## What the task requires
Wherever the line that contains "Le projet s’est" falls, repeat it and the lines after it exactly until the records end, without any pictures.
[[ Data provided open ]]
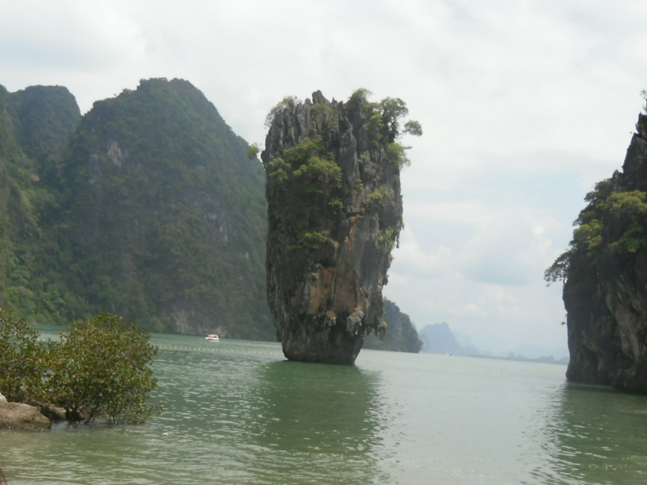 港から細い崖道を登り降りしジェームスポンド島を正面に望むビーチに行く。そのビーチが007「黄金銃を持つ男」のロケ地らしく、ビーチ横の切り立った大きな岩崖が悪人の要塞に見立て撮影されたとか。
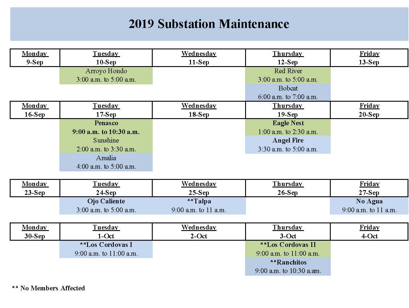 The following is a schedule of dates, times and affected areas for performing the maintenance on the corresponding substations. These are part of the series of planned outages for the preventive maintenance project for 2019.
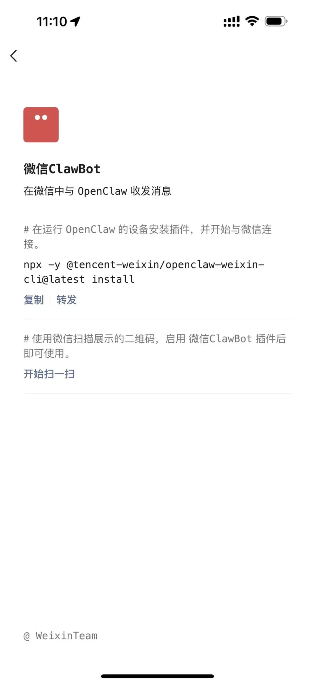 用户扫码或复制命令,即可将 OpenClaw 接入微信。
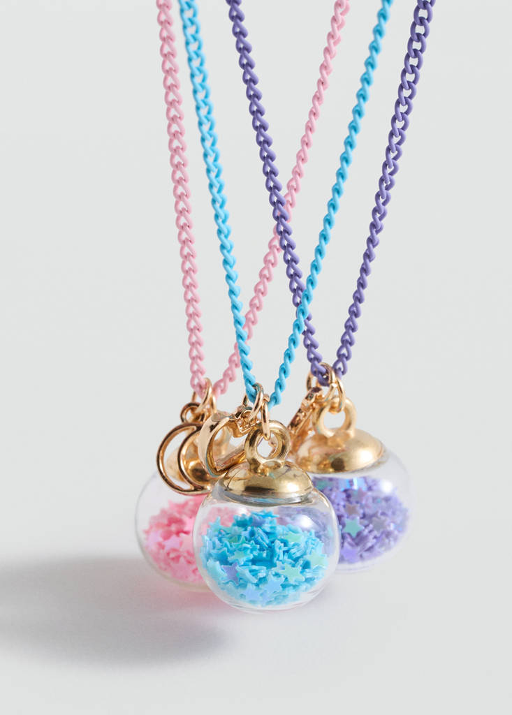 Chain design. Multicolour design. Star pendant. Moon pendant. Heart pendant. Zip and carabiner fastening
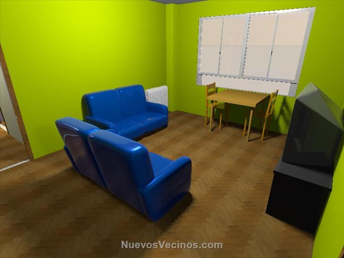 Quería preguntaros como tenéis pensado distribuir el salón los que tengáis, como yo, el piso de 2 dormitorios. Yo he trasteado con SweetHome 3D y de momento tengo las 2 opciones de las imágenes. Creo que el radiador de la calefacción "estorba" donde lo han puesto, ya que en esa pared pondría un sofá al estar la toma de tv en la pared de enfrente.
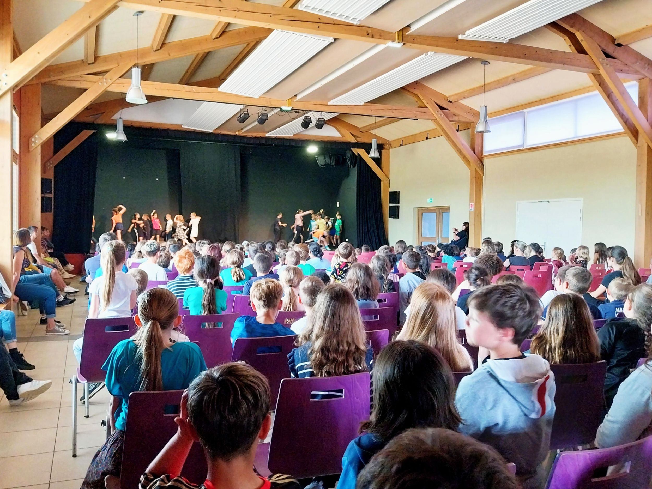 Le projet s’est achevé lors d’une journée de restitution partagée lors de laquelle les élèves ont pu se montrer le fruit de leur création en atelier ; partager des temps d’improvisation dansée avec les artistes professionnels de la compagnie ; participer à des ateliers croisés autour du corps en mouvement et de la danse contemporaine ; et assister à un spectacle de la compagnie Dynamo.
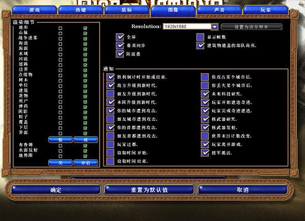 3、进入游戏后选择参数设置,在这里找到图像一栏,把全屏点上即可开启全屏游戏;
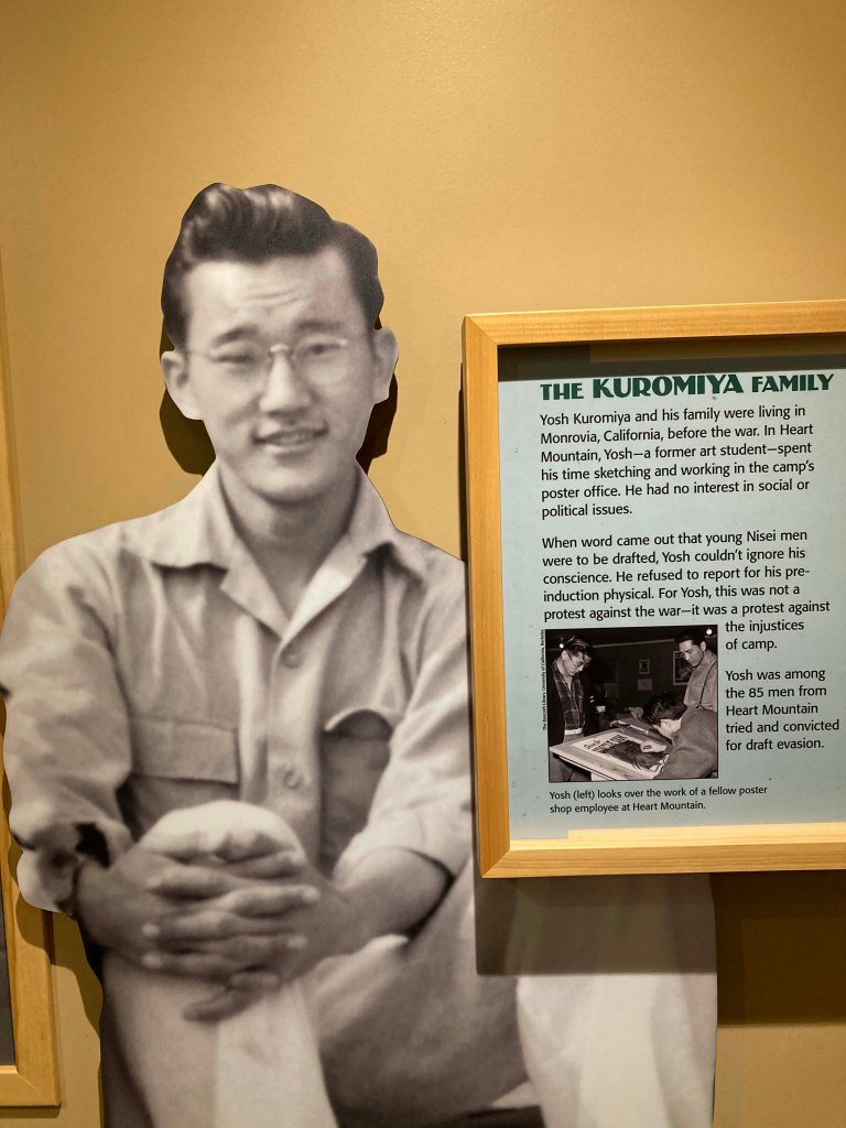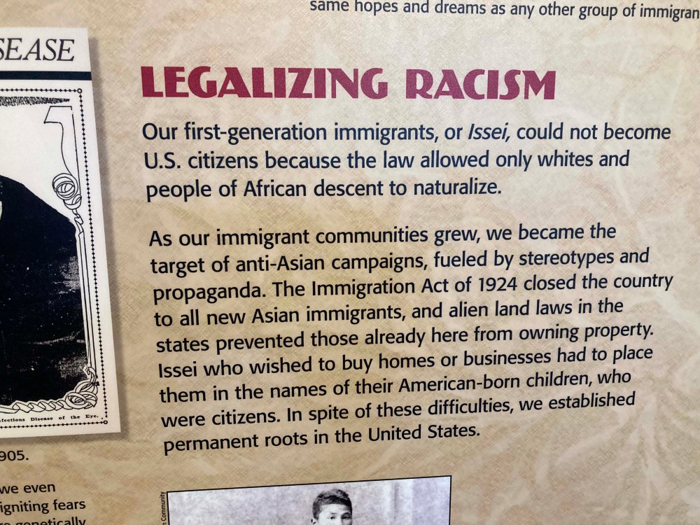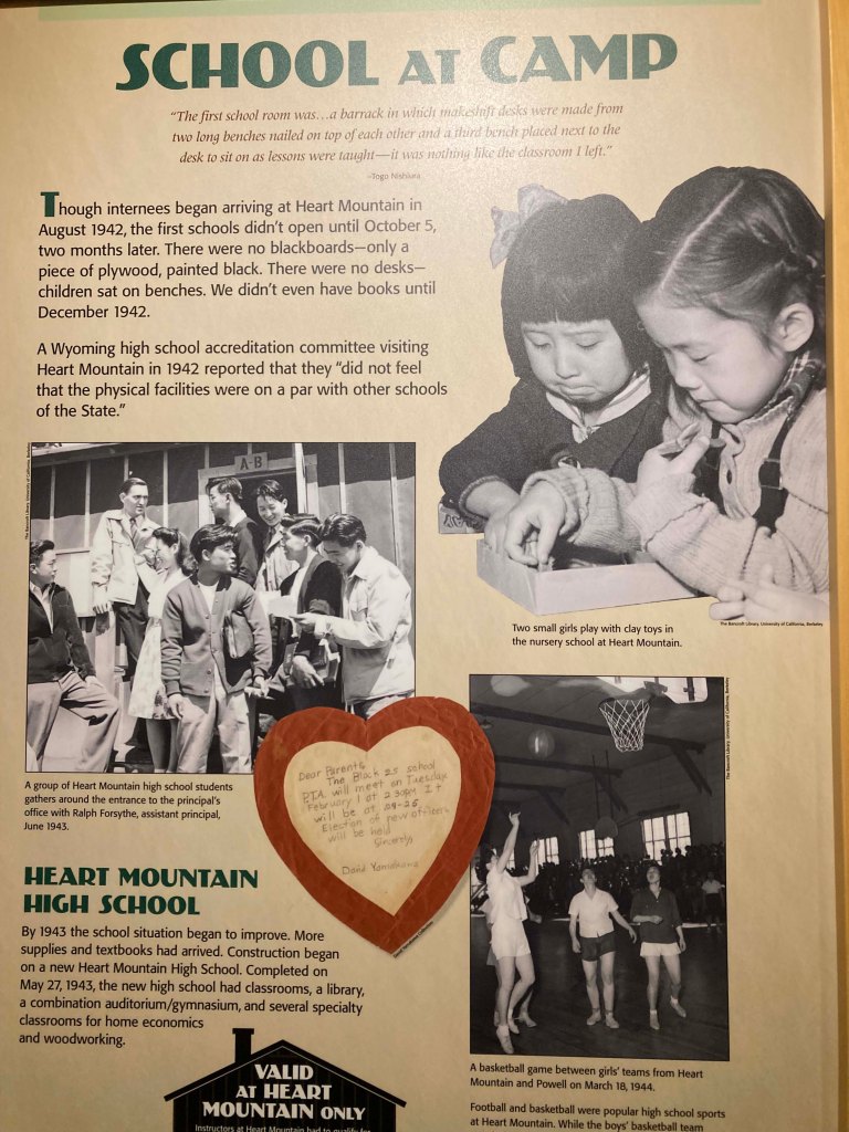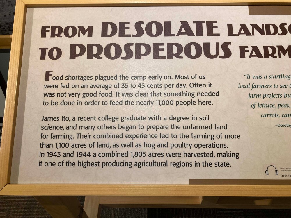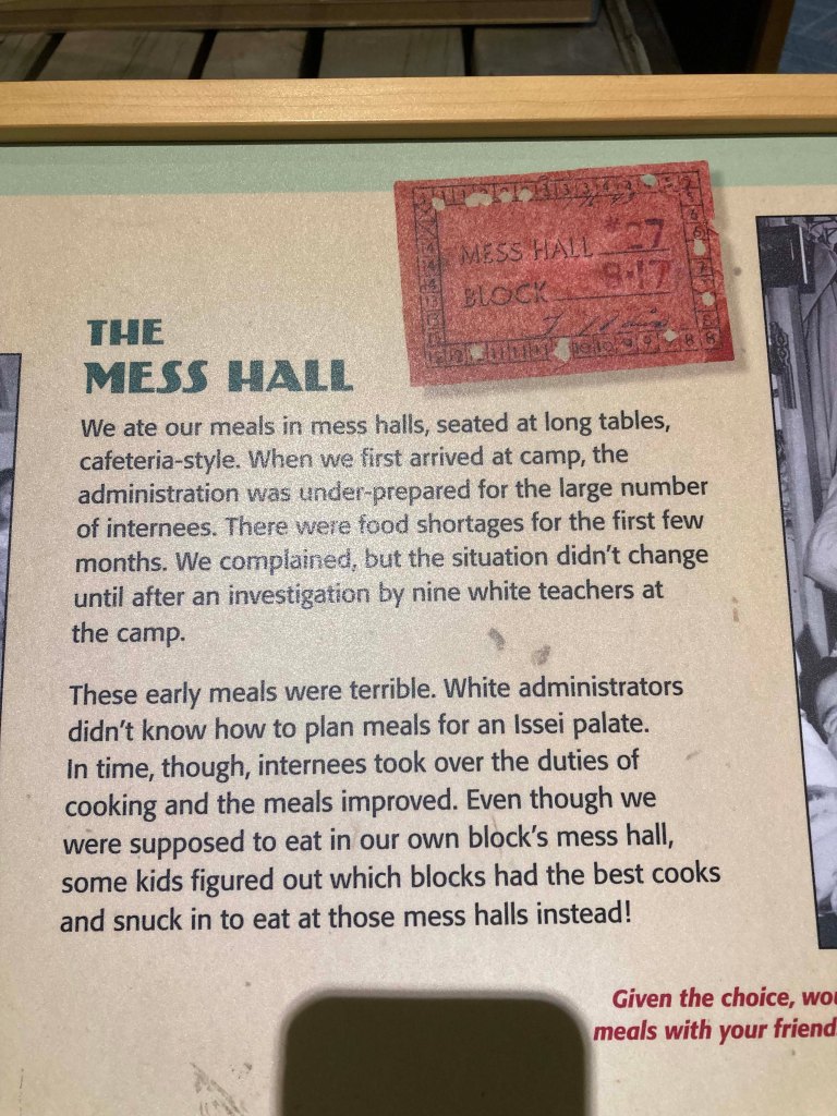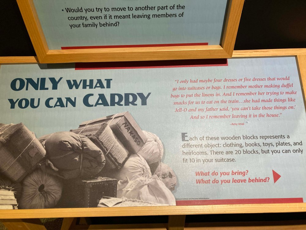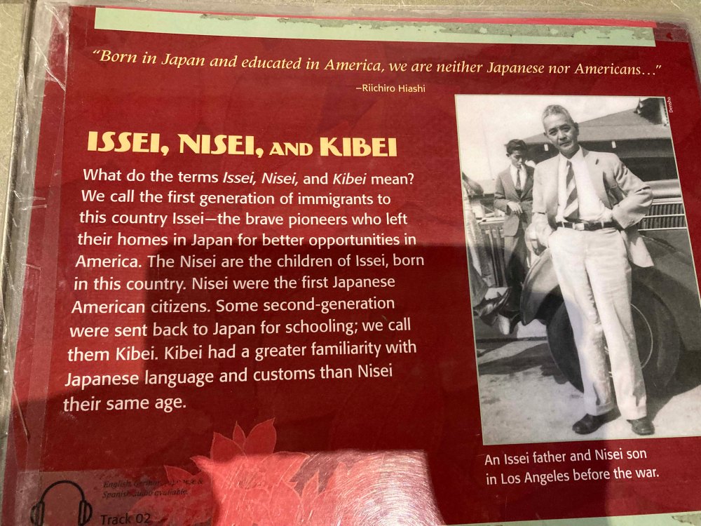 The displays were very well done and many of the quotes were first hand accounts by the children that were there. One thing I did find confusing was the reference to the Issei, Nisei, and Kibei. In our hurry I had missed the display that explained these were generational terms. The Issei were immigrants from Japan, Nisei were first generation American citizens, and the Kibei were second generation who were sent back to Japan for schooling. These groups were treated very differently and since the Nisei and Kibei were younger this went against the Japanese traditions of elders being community leaders.
[[ Data provided closed ]]
## Task solution
 Le projet s’est achevé lors d’une journée de restitution partagée lors de laquelle les élèves ont pu se montrer le fruit de leur création en atelier ; partager des temps d’improvisation dansée avec les artistes professionnels de la compagnie ; participer à des ateliers croisés autour du corps en mouvement et de la danse contemporaine ; et assister à un spectacle de la compagnie Dynamo.
 3、进入游戏后选择参数设置,在这里找到图像一栏,把全屏点上即可开启全屏游戏;
 The displays were very well done and many of the quotes were first hand accounts by the children that were there. One thing I did find confusing was the reference to the Issei, Nisei, and Kibei. In our hurry I had missed the display that explained these were generational terms. The Issei were immigrants from Japan, Nisei were first generation American citizens, and the Kibei were second generation who were sent back to Japan for schooling. These groups were treated very differently and since the Nisei and Kibei were younger this went against the Japanese traditions of elders being community leaders.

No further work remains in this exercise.